As with Henry James’s stew of yesterday, Woolf is talking about a liquid interpenetration.
There’s no doubt she’s contrasting a male hardness and dryness with a female pliability and fluidity.
But she is also implying a richness — for her, writing must not just just be dipped in meaning and suggestion but steeped in it.
Practically, this means living with the implications of what you’re writing, or the sense of something to be written, for a long time.
I remember an aside from [the great Australian poet] Les Murray, after a reading at the Troubadour, London, about how he liked to chuck the poem into the back brain, not feel it was being dictated too directly by the flippant forelobes.
Any writing requires a great deal of time and of experience.
My favourite words on this — perhaps my favourite words on writing — come from Rainer Maria Rilke’s The Notebook of Malte Laurid’s Brigge.
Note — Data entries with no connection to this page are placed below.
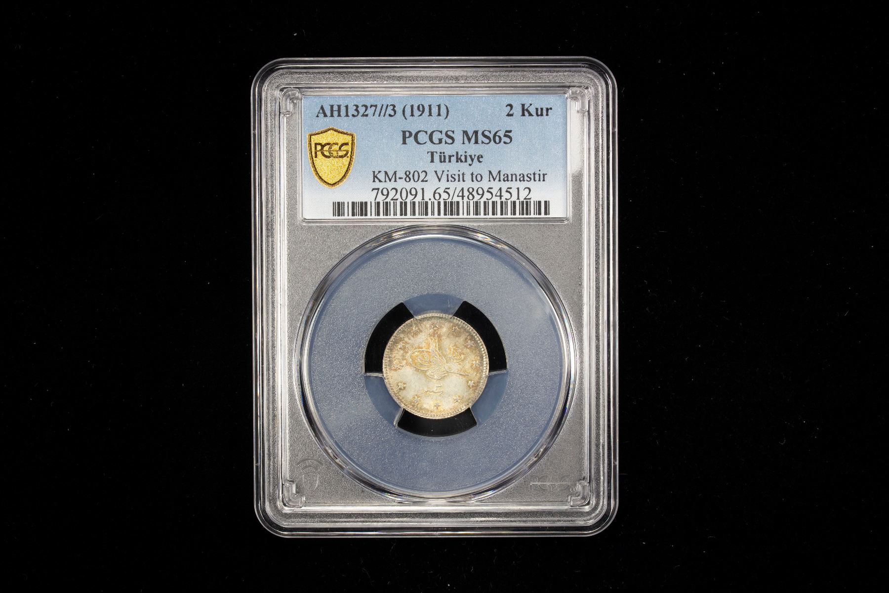 TURKEY: Mehmet V, 1909-1918, AR 2 kurush, Manastir, AH1327 year 3, KM-802, Y-48d, city visit issue, struck at the mint in Constantinople, a superb mint state example! PCGS graded MS65.
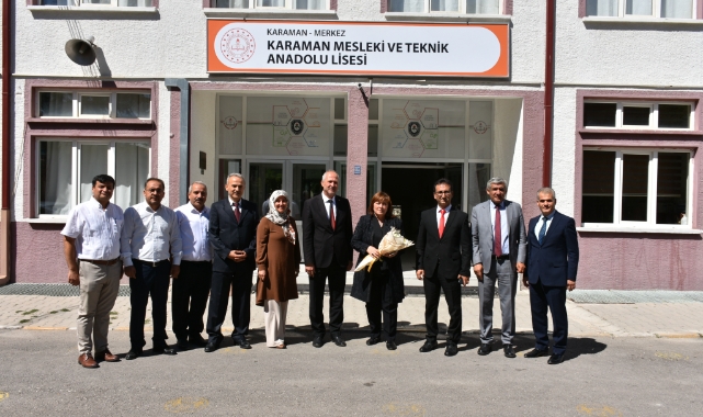 Karaman’da mesleki ve teknik eğitim alanında yürütülen çalışmaları yerinde incelemek üzere MEB Meslekî ve Teknik Eğitim Genel Müdürü Nazan Şener, İl Millî Eğitim Müdürü Mehmet Çalışkan ve beraberindeki heyetle birlikte mesleki ve teknik eğitim verilen okulları ziyaret ederek öğretmenlerle bir araya geldi.
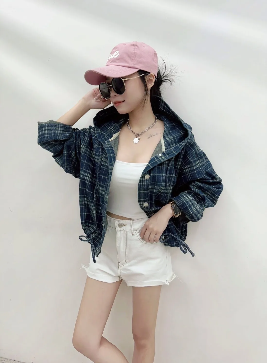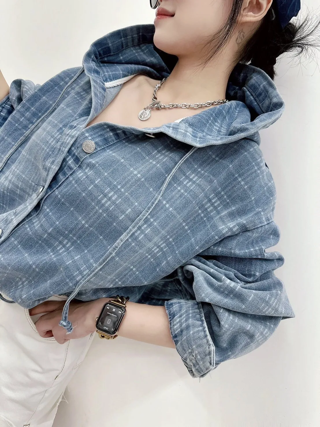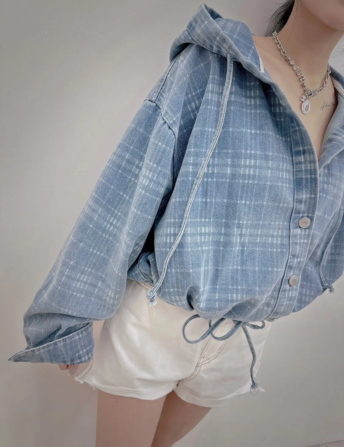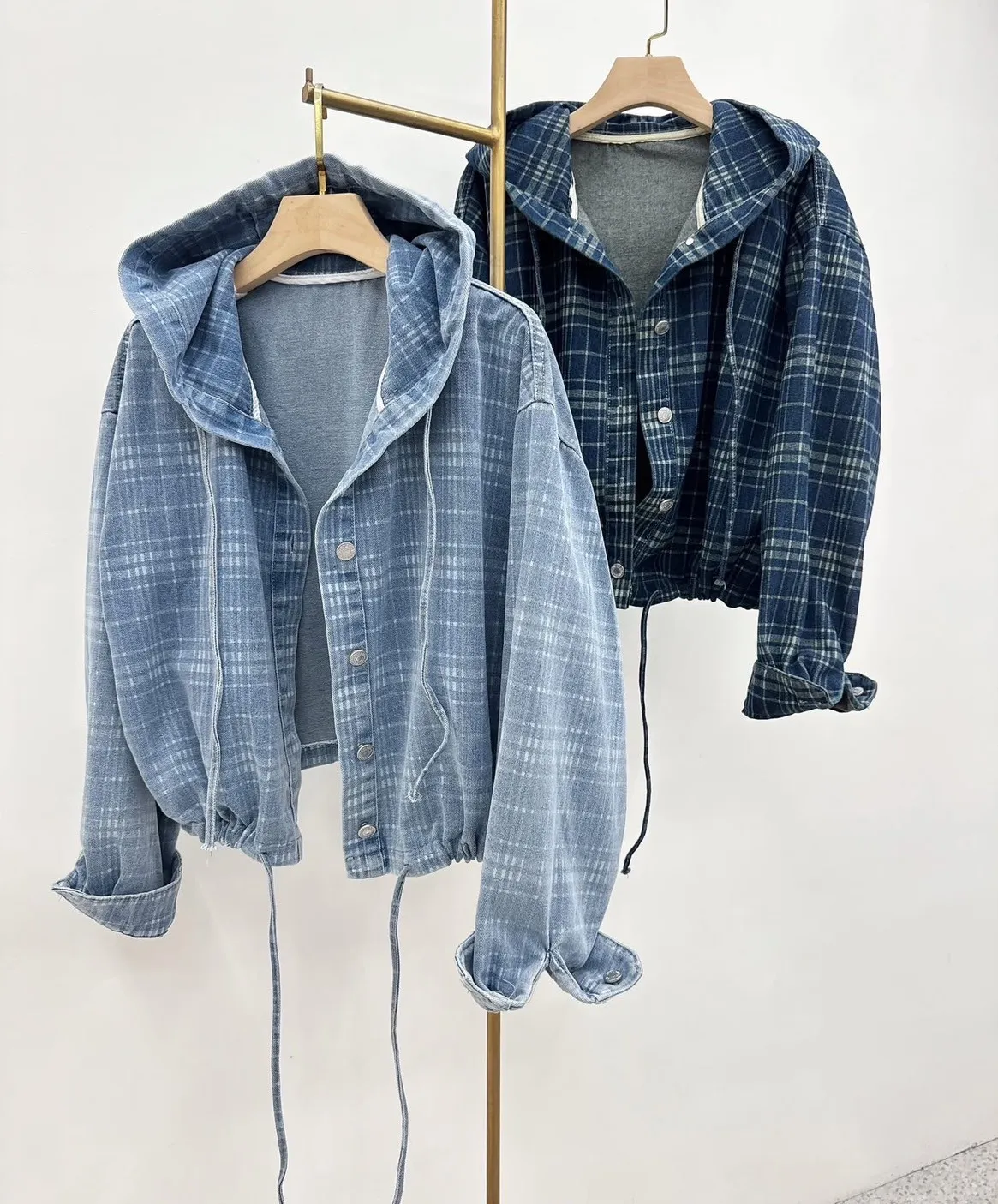 早秋新款 秋天終究會來 早買晚買都要買現在下單最划算收到後立即就可以穿上!😍 率性與休閒完美融合的牛仔格紋連帽外套 #呈現出復古又隨性的色澤 #輕盈棉質混紡面料 #柔軟丹寧挺度的剛剛好 連帽設計結合排扣與抽繩下襬微收修飾比例 #也是最代表長腿必收單品 鬆弛落肩版型修飾身形 #展現慵懶率性風 落肩寬 54 ‘ 胸圍67 ’ 全長52公分

They are often excerpted as ‘What does a poem take?’ Parts of what he say make me uneasy, but I think that’s deliberate.
“For the sake of a few lines one must see many cities, men and things. One must know the animals, one must feel how the birds fly and know the gesture with which the small flowers open in the morning. One must be able to think back to roads in unknown regions, to unexpected meetings and to partings which one had long seen coming; to days of childhood that are still unexplained, to parents that one had to hurt when they brought one some joy and one did not grasp it (it was joy for someone else); to childhood illness that so strangely began with a number of profound and grave transformations, to days in rooms withdrawn and quiet and to mornings by the sea, to the sea itself, to seas, to nights of travel that rushed along on high and flew with all the stars-and it is not enough if one may think all of this. One must have memories of many nights of love, none of which was like the others, of the screams of women in labor, and of light, white, sleeping women in childbed, closing again. But one must also have been beside the dying, one must have sat beside the dead in the room with the open window and the fitful noises. And still it is not enough to have memories. One must be able to forget them when they are many, and one must have the great patience to wait until they come again. For it is not yet the memories themselves. Not until they have turned to blood within us, to glance, to gesture, nameless and no longer to be distinguished from ourselves-not until then can it happen that in a most rare hour the first word of a verse arises in their midst and goes forth from them.”
Again, there’s the fluidity — the blood within us.
But the idea of writing as coming out of forgotten memories is surely his essential insight.
Memories are still too much themselves. It’s only when they’ve decomposed and deliquesced into something beneath that, some very dark mulch, that they become the stuff of imagination.